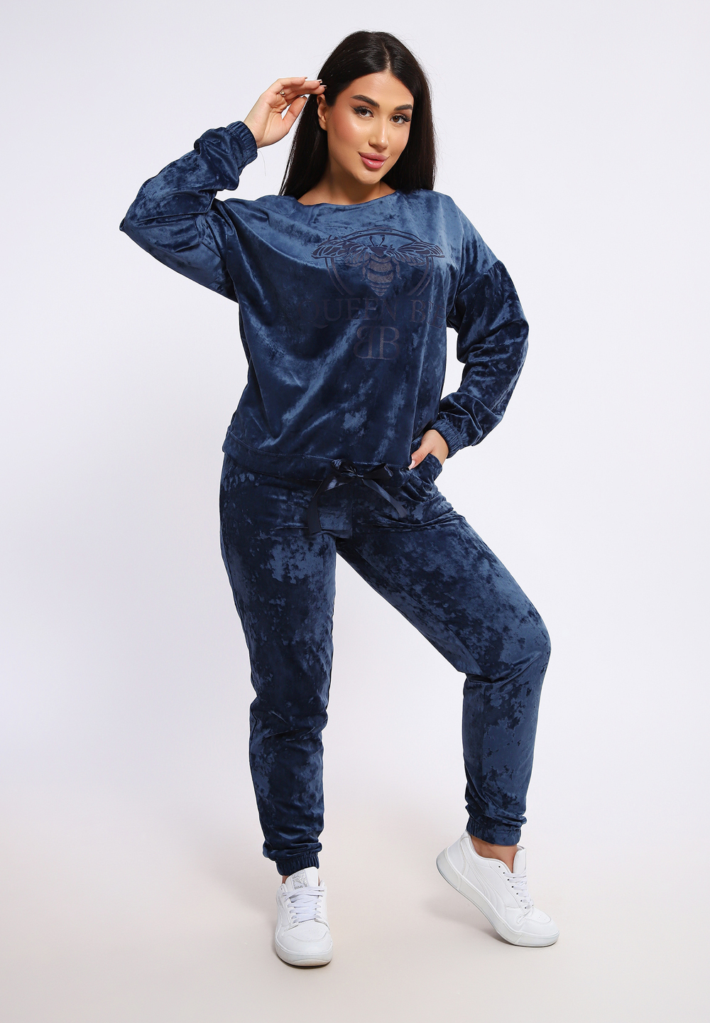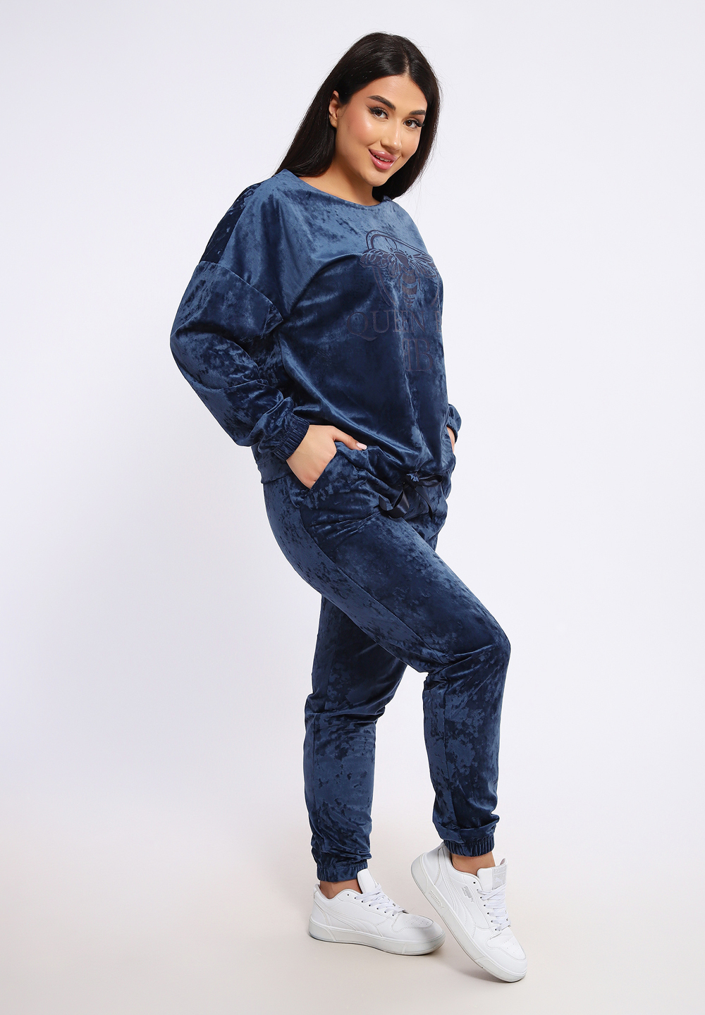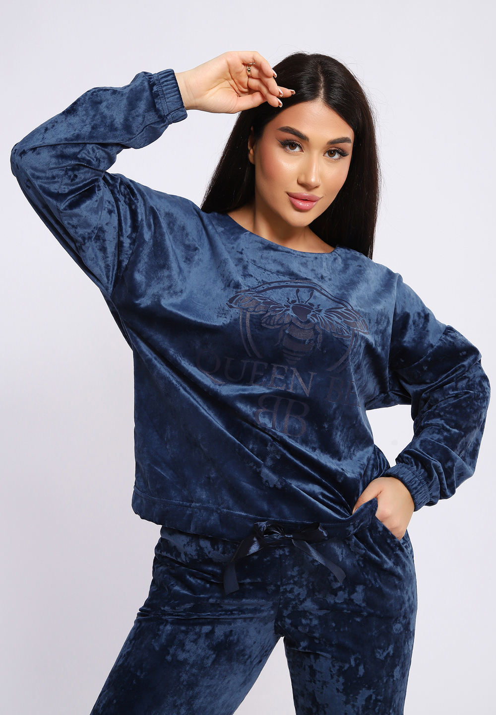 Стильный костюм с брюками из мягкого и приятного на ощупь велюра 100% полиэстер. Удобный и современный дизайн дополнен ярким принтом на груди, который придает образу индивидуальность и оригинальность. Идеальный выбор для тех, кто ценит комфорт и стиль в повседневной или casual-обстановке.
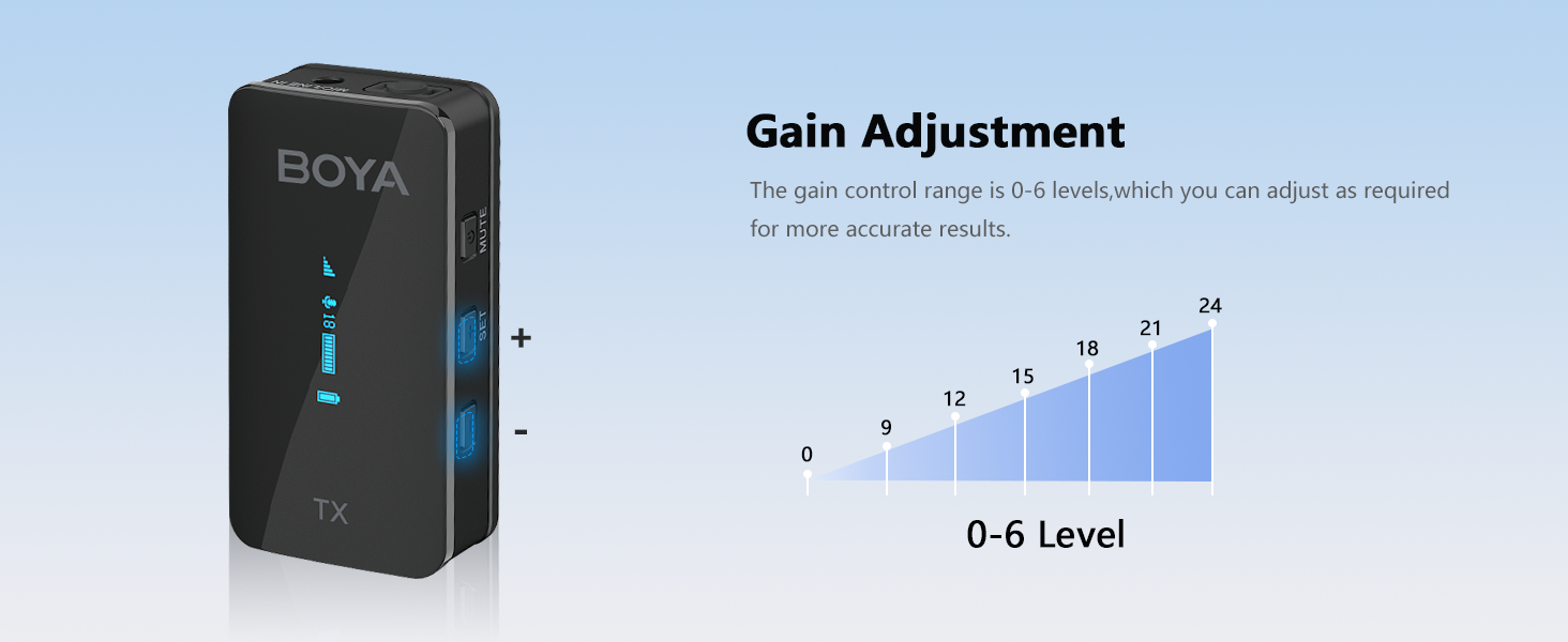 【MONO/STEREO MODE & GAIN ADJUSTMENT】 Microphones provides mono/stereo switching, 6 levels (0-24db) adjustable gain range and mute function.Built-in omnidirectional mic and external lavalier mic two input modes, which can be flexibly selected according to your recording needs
※ ※ ※
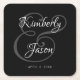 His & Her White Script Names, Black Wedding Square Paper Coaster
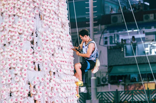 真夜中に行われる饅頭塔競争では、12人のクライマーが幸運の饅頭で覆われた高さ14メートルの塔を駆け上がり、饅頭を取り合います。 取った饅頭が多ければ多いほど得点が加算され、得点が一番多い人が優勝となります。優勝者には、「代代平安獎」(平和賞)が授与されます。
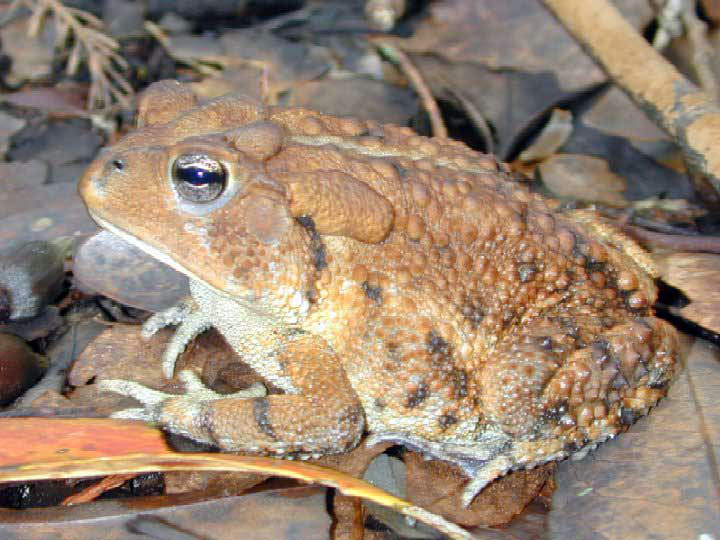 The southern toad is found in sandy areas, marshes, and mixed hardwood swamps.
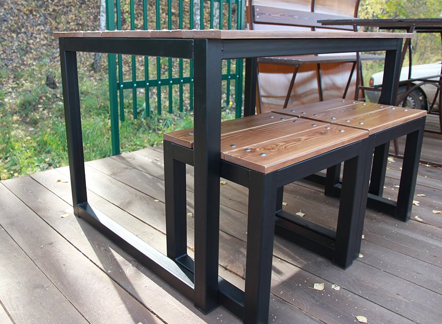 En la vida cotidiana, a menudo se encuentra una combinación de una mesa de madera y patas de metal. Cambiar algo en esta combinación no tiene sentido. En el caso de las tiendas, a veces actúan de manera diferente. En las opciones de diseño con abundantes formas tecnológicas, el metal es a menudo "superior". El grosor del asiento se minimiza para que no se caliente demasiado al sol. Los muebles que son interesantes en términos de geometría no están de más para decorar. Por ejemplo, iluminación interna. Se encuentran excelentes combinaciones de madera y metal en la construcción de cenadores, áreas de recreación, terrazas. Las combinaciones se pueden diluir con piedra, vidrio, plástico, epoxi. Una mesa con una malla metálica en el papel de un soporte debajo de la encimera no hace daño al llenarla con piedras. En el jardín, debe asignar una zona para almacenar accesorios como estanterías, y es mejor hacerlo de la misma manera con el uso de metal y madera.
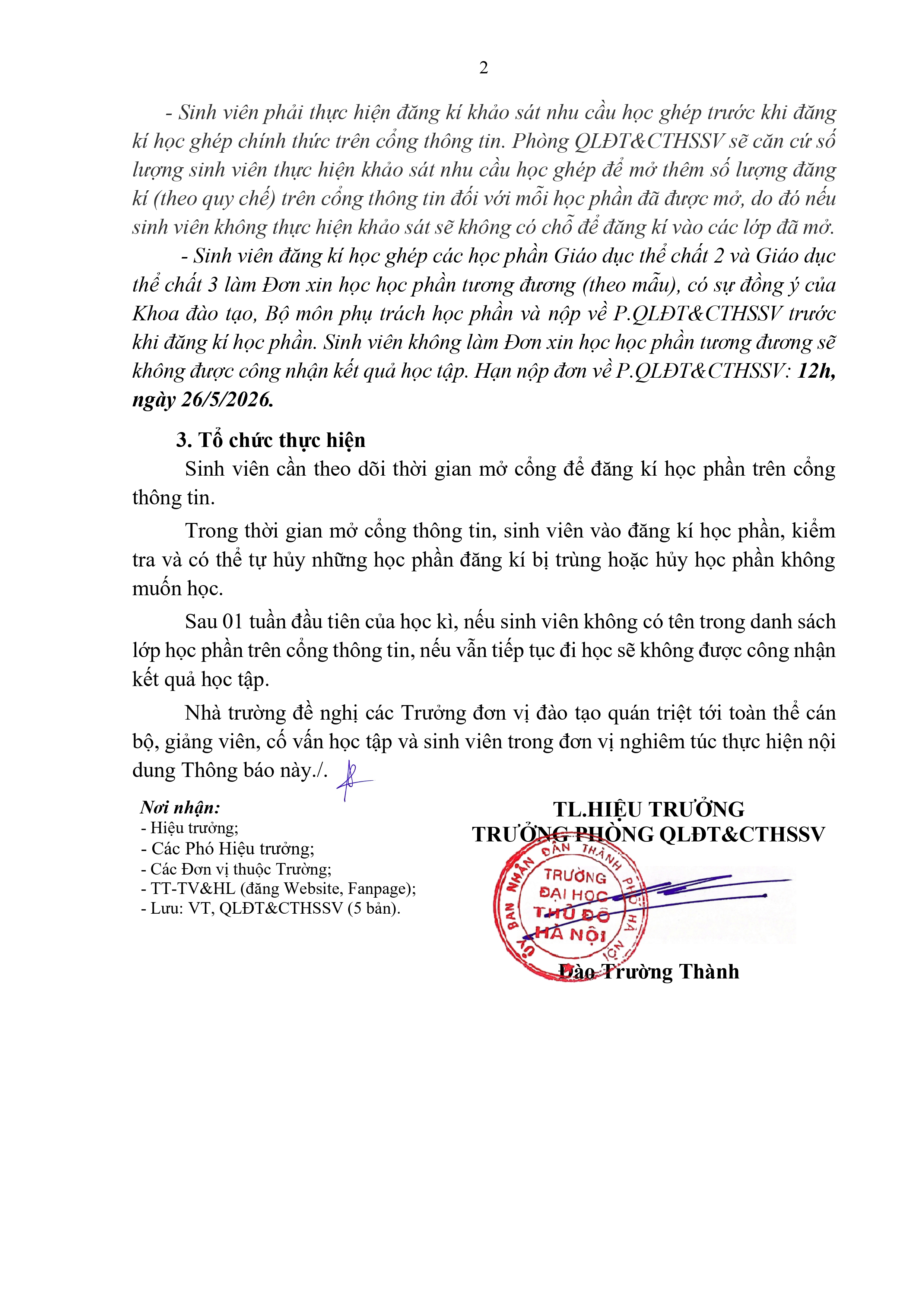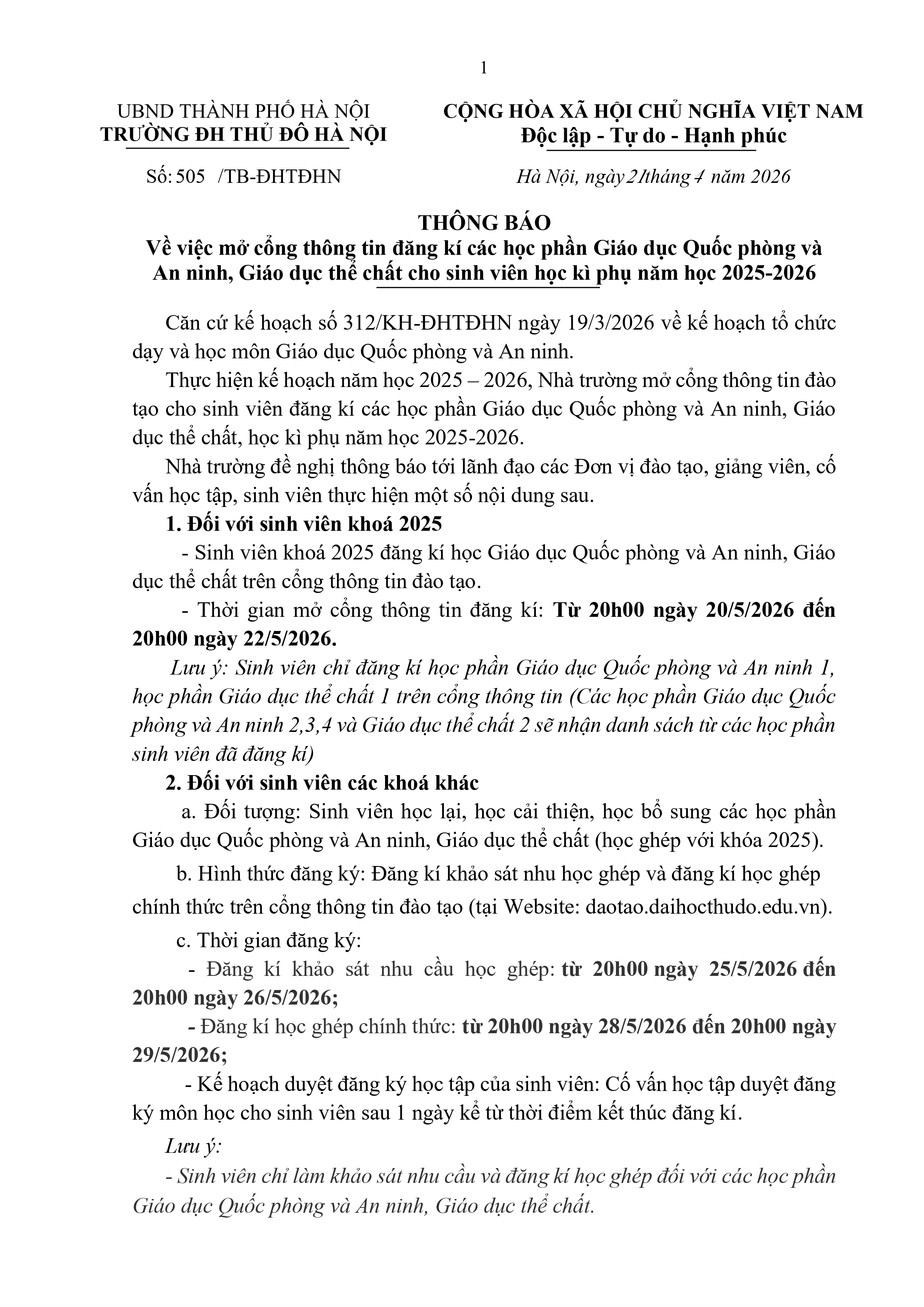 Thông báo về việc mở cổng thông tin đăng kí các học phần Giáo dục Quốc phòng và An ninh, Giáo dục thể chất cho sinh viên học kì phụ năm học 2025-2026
※ ※ ※
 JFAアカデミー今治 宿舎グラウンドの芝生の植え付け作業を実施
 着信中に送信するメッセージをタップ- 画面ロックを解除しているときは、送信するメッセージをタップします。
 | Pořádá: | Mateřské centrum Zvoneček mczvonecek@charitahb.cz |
※ ※ ※
From the records above, return exactly the lines running from the one that contains "真夜中に行われる饅頭塔競争で" down to the one that contains "Thông báo về", both included, without any pictures.

 真夜中に行われる饅頭塔競争では、12人のクライマーが幸運の饅頭で覆われた高さ14メートルの塔を駆け上がり、饅頭を取り合います。 取った饅頭が多ければ多いほど得点が加算され、得点が一番多い人が優勝となります。優勝者には、「代代平安獎」(平和賞)が授与されます。
 The southern toad is found in sandy areas, marshes, and mixed hardwood swamps.
 En la vida cotidiana, a menudo se encuentra una combinación de una mesa de madera y patas de metal. Cambiar algo en esta combinación no tiene sentido. En el caso de las tiendas, a veces actúan de manera diferente. En las opciones de diseño con abundantes formas tecnológicas, el metal es a menudo "superior". El grosor del asiento se minimiza para que no se caliente demasiado al sol. Los muebles que son interesantes en términos de geometría no están de más para decorar. Por ejemplo, iluminación interna. Se encuentran excelentes combinaciones de madera y metal en la construcción de cenadores, áreas de recreación, terrazas. Las combinaciones se pueden diluir con piedra, vidrio, plástico, epoxi. Una mesa con una malla metálica en el papel de un soporte debajo de la encimera no hace daño al llenarla con piedras. En el jardín, debe asignar una zona para almacenar accesorios como estanterías, y es mejor hacerlo de la misma manera con el uso de metal y madera.
 Thông báo về việc mở cổng thông tin đăng kí các học phần Giáo dục Quốc phòng và An ninh, Giáo dục thể chất cho sinh viên học kì phụ năm học 2025-2026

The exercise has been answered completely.